MEMORIAL
DAY -- My brain is just exploding this morning with emotions about
Memorial Day, and I have to get some of them down or I will lose what's
left of my mind.
Saturday
night I was in Arlington, Virginia, at the annual meeting of the
Tragedy Assistance Program for Survivors. This is a fine group founded
by Bonnie Carroll to get widows, widowers, mothers, fathers, and
children of men and women who have died in the war on terrorism
together. Last year I spoke and there were about 500 people in the
audience. Saturday there were 700.
Bonnie Carroll, a stone
genius, spoke gloriously. Magnificently. An angel of oratory. A
staggeringly beautiful woman named Joanne Wrobleski, who
had
just been married to her husband for two years, spoke with power and
rage and healing as a projector showed photos of her wedding to her
astonishingly handsome husband. It was enough to melt a marble pillar.
A
woman next to me named Mrs. Beard told about losing her son, Bradley. I
asked her if she worked at a job. She said she used to be a bank
teller, "but that after I lost my son, counting people's money didn't
seem that important anymore." Her husband, a homebuilder, looked
distraught. Their beautiful daughter played the piano and sang songs
she had composed of peace and loss.
At every table, we passed around boxes of Kleenex continuously.

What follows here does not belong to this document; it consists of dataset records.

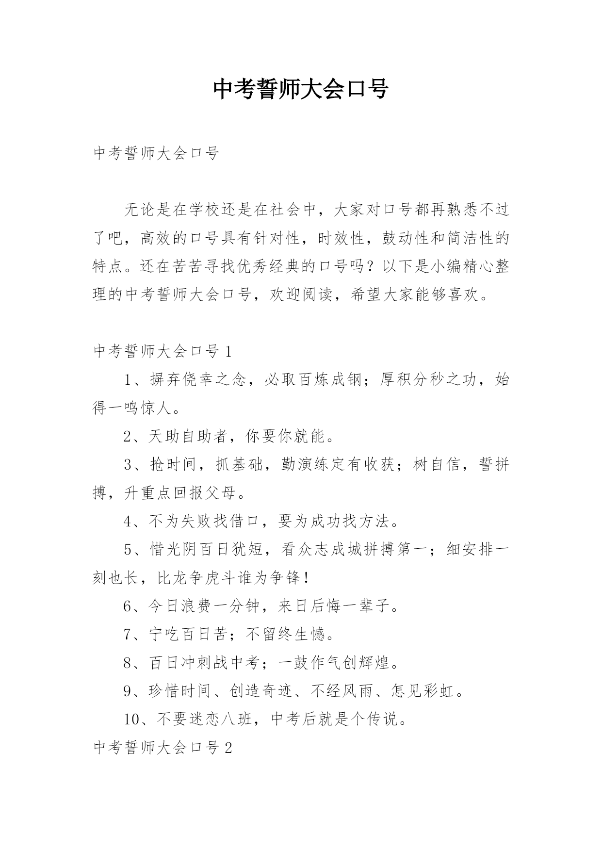 中考誓师大会口号中考誓师大会口号无论是在学校还是在社会中,大家对口号都再熟悉不过了吧,高效的口号具有针对性,时效性,鼓动性和简洁性的特点。还在苦苦寻找优秀经典的口号吗?以下是小编精心整理的中考誓师大会口号,欢迎阅读,希望大家能够喜欢。中考誓师大会口号11、摒弃侥幸之念,必取百炼成钢;厚积分秒之功,始得一鸣惊人。2、天助自助者,你要你就能。3、抢时间,抓基础,勤演练定有收获;树自信,誓拼搏,升重点回报父母。4、不为失败找借口,要为成功找方法。5、惜光阴百日犹短,看众志成城拼搏第一;细安排一刻也长,比龙争虎斗
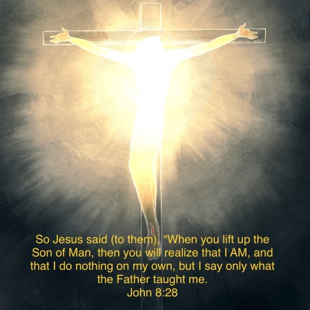 So Jesus said (to them), “When you lift up the Son of Man, then you will realize that I AM, and that I do nothing on my own, but I say only what the Father taught me.
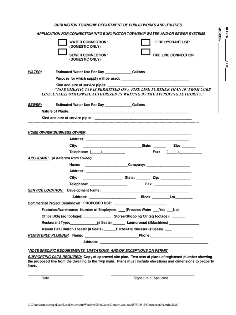 FIRE HYDRANT USE×SEWER CONNECTION* (DOMESTIC ONLY)FIRE LINE CONNECTION LATER:WATER CONNECTION* (DOMESTIC ONLY)Estimated Water Use Per Day ___Gallons Purpose for which supply will be used: ___ Kind
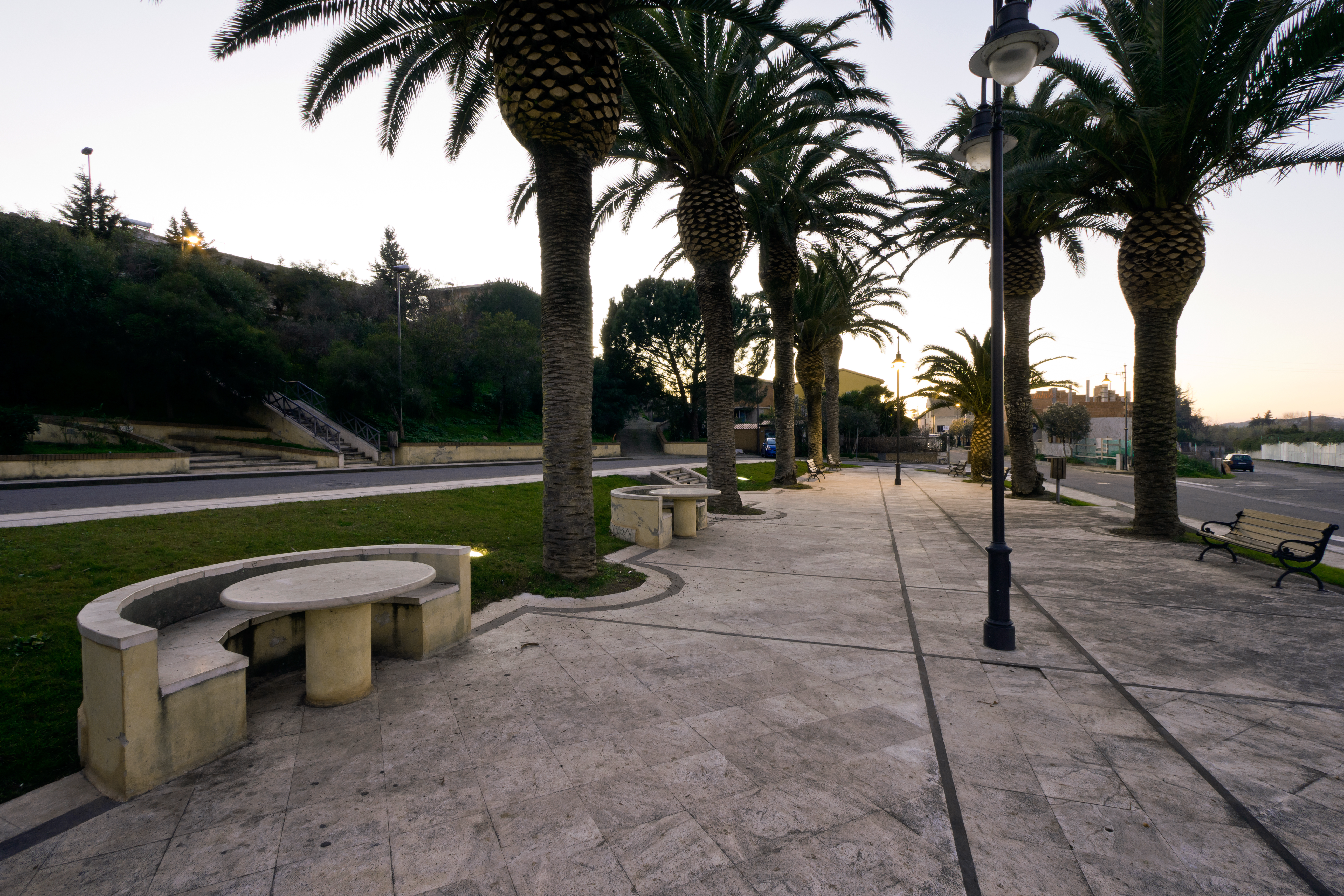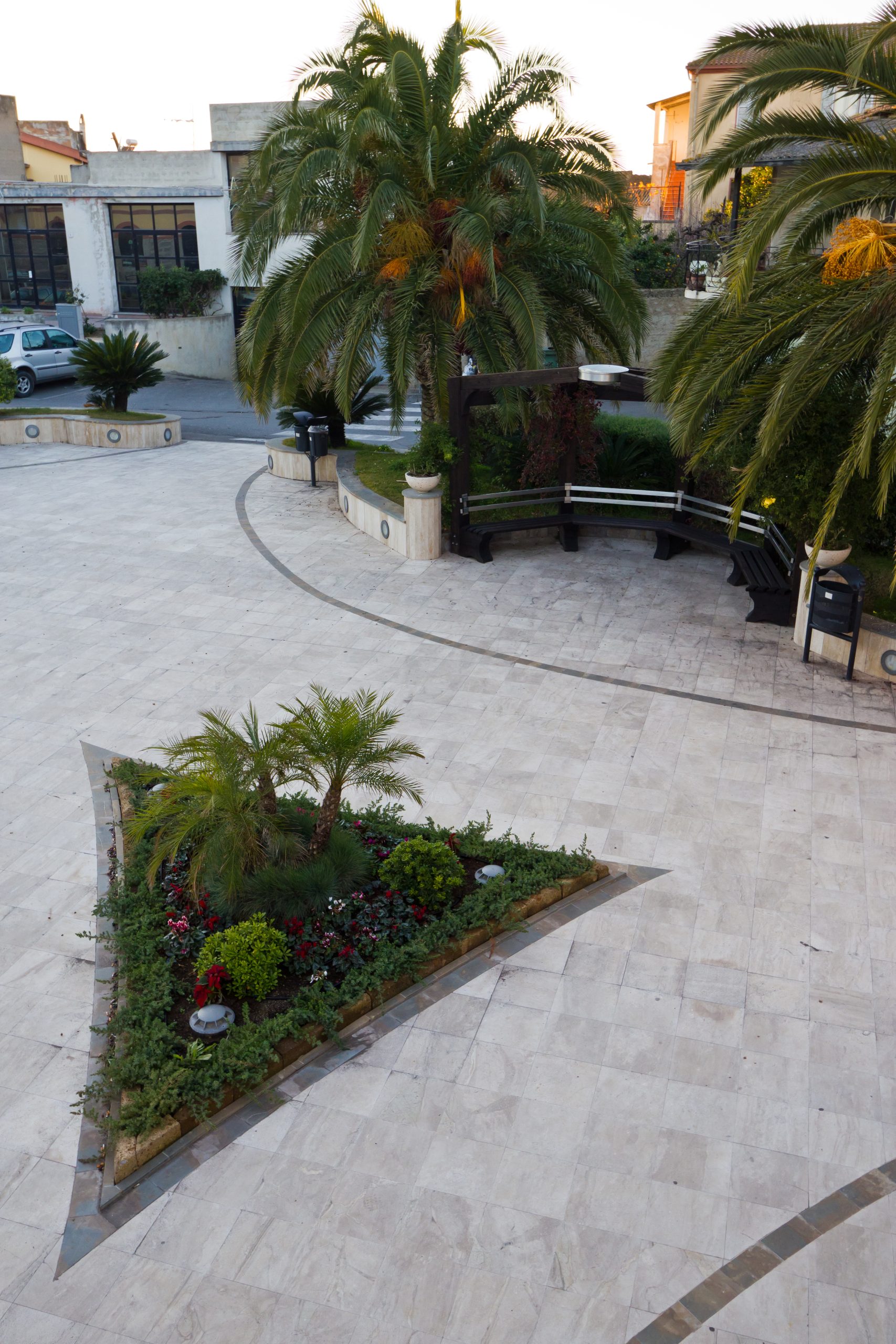 La pavimentazione è realizzata in marmo, con cordoli e cornici di colore scuro in basalto, disponendo elementi di diverse dimensioni in diverse tessiture. Sono state collocate due panchine con tavolo, di forma semicircolare, in muratura con piano di seduta in pietra, altre otto panchine sono in legno. E’ stata pure realizzata una fontana posizionata in corrispondenza della rampa d’accesso: di pianta circolare, costituita da blocchi in pietra bianca a sezione trapezoidale.

I spoke briefly and talked about how the loved ones missing from this
dinner were the only people doing meaningful work in the world today as
far as I could tell. The media try to tell us their work has no
meaning, and when the media do this, it's almost like grave robbing.
Anyway,
I spoke and then I hugged widows and bereft mothers for about an hour
and a half. A man named Nolan Rappaport who has been a close friend
since 1956 accompanied me and took photos. He was very patient and when
I thanked him for his patience, he said, poetically, "I don't feel as
if the time was lost."
When I got back to Los Angeles, I started to read a book I can't finish, called A Writer at War by Vassily Grossman, a correspondent with the Red Army newspaper during World War II.
The
part I can't get past is the atrocities of the Germans towards the Jews
when they took the Ukraine in the early part of World War II. One
incident just haunts me every day.
The Germans came upon a
kosher butcher. They asked him if he were really a good butcher. He
said he hoped he was. They brought his two small sons to him and said,
"Show us. On your sons."
I keep putting the book down at this point and wondering, "Why did God bother making creatures as wicked as man?"
Then
I picked up a book of interviews with Bob Dylan. They were interesting.
He's a clever con man and huckster and poet of the obscure and
sometimes the meaningless. It's called The Essential Bob Dylan Interviews, edited by a man named Jonathan Cott. I recommend it. I also have with me a book called Heart of a Hawk
about coping with losing a son in Iraq. It's by a woman I met at the
event on Saturday, a lovely soul named Deb Tainsh. I have already read
it and it's major stuff about loss and faith and pain.
And I
thought, well, here's Bob Dylan, making jokes and making fun of his
interviewers and he's a Jew. And here I am sitting at my computer with
my dogs snoring nearby and my palm trees and my bottled water. And I'm
a Jew. And why do we -- Jews and Gentiles here in America -- get to do
what we do instead of being killed by the Nazis or the Islamic
terrorists?
Because of Bonnie Carroll's husband and Bonnie
Carroll. Because of Joanne Wrobleski and her hero husband. Because of
all of the men and women at Arlington National Cemetery and on ocean
floors and blown to bits in forests and muddy trenches. Because God
made Eichmann, but he also made Bradley Beard and Dale Denman, Jr.
More are dying as we speak every day in Iraq and Afghanistan.
How
do we ever make it up to them? How can we ever pay them back? Above
all, by taking the loved ones they left behind into our arms, into our
hearts, and loving them forever. And by making sure that when they die,
their deaths are known to have meaning.
We would be nothing without them. Nothing. And somehow I feel as if my brain were still on fire.